Frisa-se que a taxa de investimento fixo retrocedeu, de 20,9% do PIB em 2013 para 16,4% do PIB em 2016. Foi o terceiro ano seguido com diminuição na taxa de FBCF. Em paralelo, a taxa de poupança bruta também teve redução de monta, chegando em 2016 com 13,9% do PIB.
Este quadro contrasta fortemente com o desempenho mundial, como sugerem as estimativas do Fundo Monetário Internacional. Enquanto o mundo deve ter crescido 3,1% em 2016, a recessão da economia brasileira manteve-se em patamar semelhante ao de 2015 e foi mais grave do que o esperado pelo FMI (-3,3% contra -3,6%, como vimos). Frente aos demais países emergentes, a dissonância é ainda mais evidente, já que em seu conjunto devem ter logrado uma expansão econômica de 4,2% no ano passado.
O resultado do último trimestre, já descontados os efeitos sazonais, também foi desanimador. A queda de 0,9% do PIB brasileiro foi a mais intensa do ano nesta base de comparação, inserindo-se numa sequência de retração trimestre a trimestre que vem desde janeiro-março de 2015. A título de comparação, nenhum dos países OCDE, para os quais as informações já estão disponíveis, registraram taxa negativa no trimestre final de 2016.
Assim, mesmo que existam alguns sinais de recuperação, o resultado do PIB brasileiro no derradeiro trimestre de 2016 mostrou que solavancos e reversões podem ocorrer, servindo de alerta para que se engendre uma política nacional de fato em prol do setor produtivo.
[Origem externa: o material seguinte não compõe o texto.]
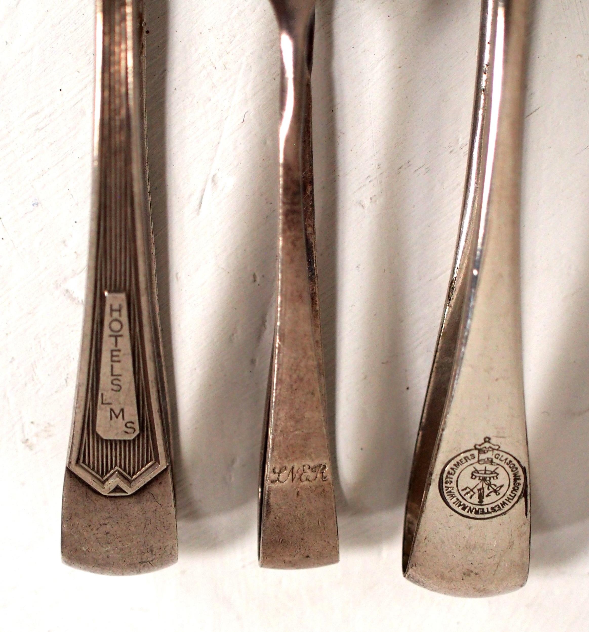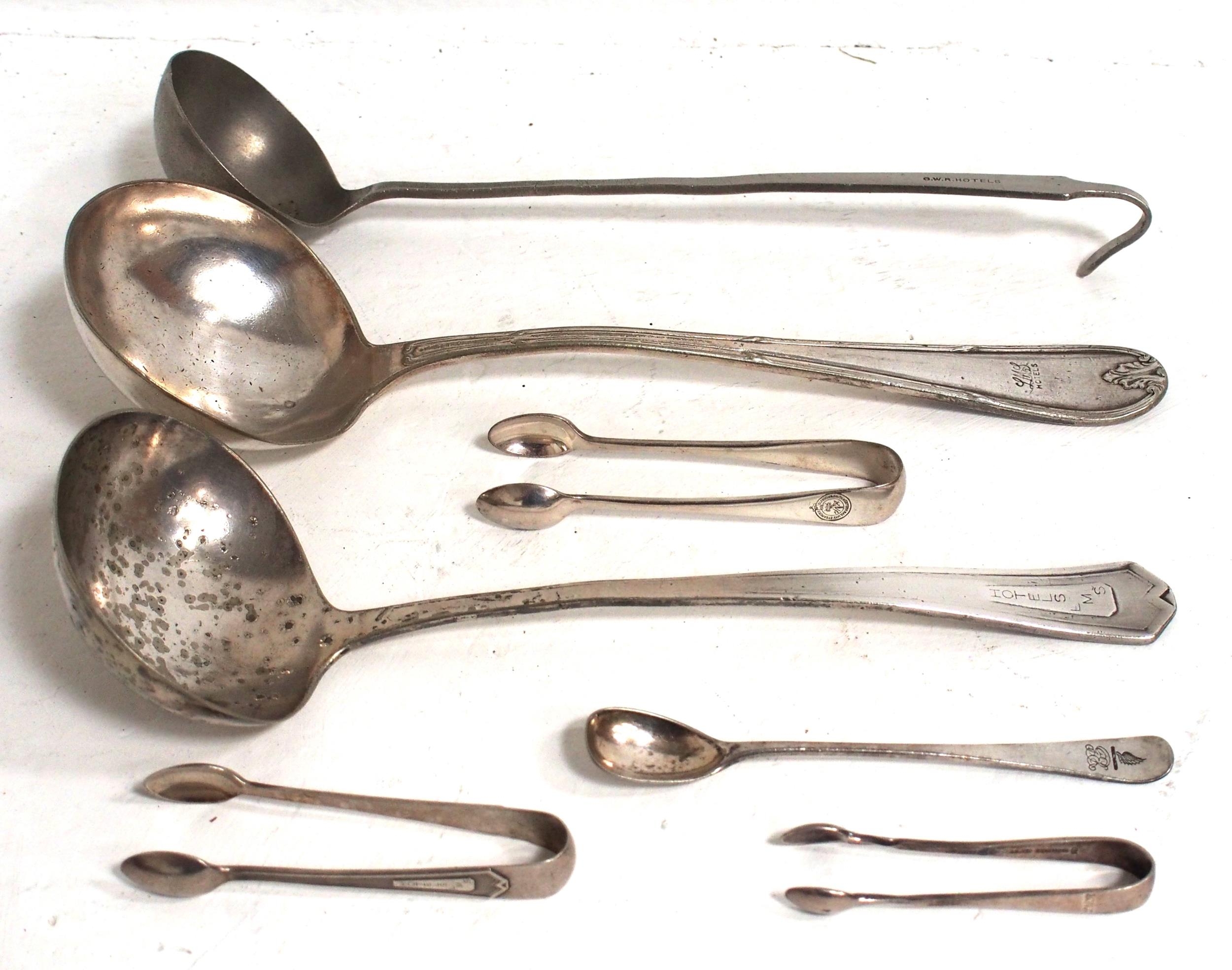 LMS Hotels sugar tongs (Mappin & Webb), Glasgow South Western Rly same (Walker & Hall), GER sundae spoon, LMS ladles (both Mappin & Webb), GWR Hotels (Elkington), LNER sugar tongs (Hutton). (7) (D2) (Dispatch by Mailboxes/Collect from Banbury Depot)
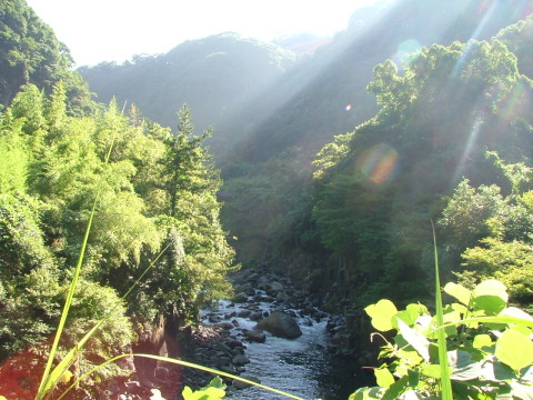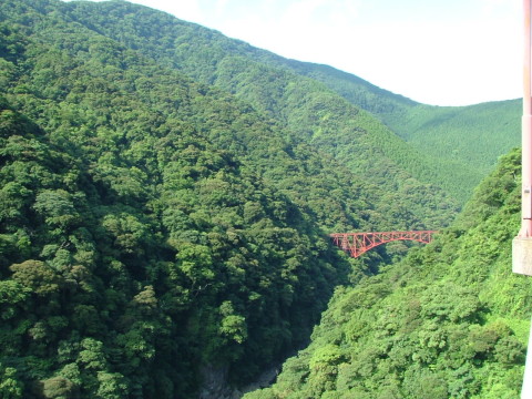 碧翠楼跡地、本当に何もない。 これは跡地上空の長陽大橋から見ている。 草に埋もれている黒川橋。 南郷の玄関、その象徴がご覧の通り。 これは上(長陽大橋)から見た黒川橋。 これは黒川橋から見た長陽大橋。 黒川に差し込む神々しい朝日。 戸下旧道の今・・・。 北向山原生林に架かる鉄橋。碧翠楼はこれを眺めるビューポイントだった。 戸下旧道に取って代わった阿蘇大橋325号線。黒川橋の遥か上をゆく。 この景色の底がダムになるという…、どうしたものか…? |

Políticas de ajuste, por mais necessárias que sejam, devem ser acompanhadas de sinalização contundente para oportunidades de negócio e estas como meio para a promoção do bem-estar social.
Visão geral do PIB
A retração da economia brasileira em 2016, de 3,6%, quase equiparou a de 2015. Desse modo forma, o PIB per capita do Brasil declinou pelo terceiro ano seguido, queda de 4,4%, tendo recuado 4,6% em 2015 e 0,4% em 2014. Mais amiúde:
• Pelos dados dessazonalizados, no quarto trimestre de 2016, o PIB caiu 0,9% frente a julho-setembro, configurando a maior retração nessa base de comparação ao longo do ano;
• Na comparação entre outubro-dezembro último com igual período de 2015, a retração atingiu 2,5%, declínio expressivo, mas cuja magnitude vem arrefecendo ao longo dos trimestres por essa forma de comparação;
• O decréscimo de 3,6% em 2016 decorreu de diminuição de 3,1% no valor adicionado e do recuo de 6,4% nos impostos líquidos sobre produtos.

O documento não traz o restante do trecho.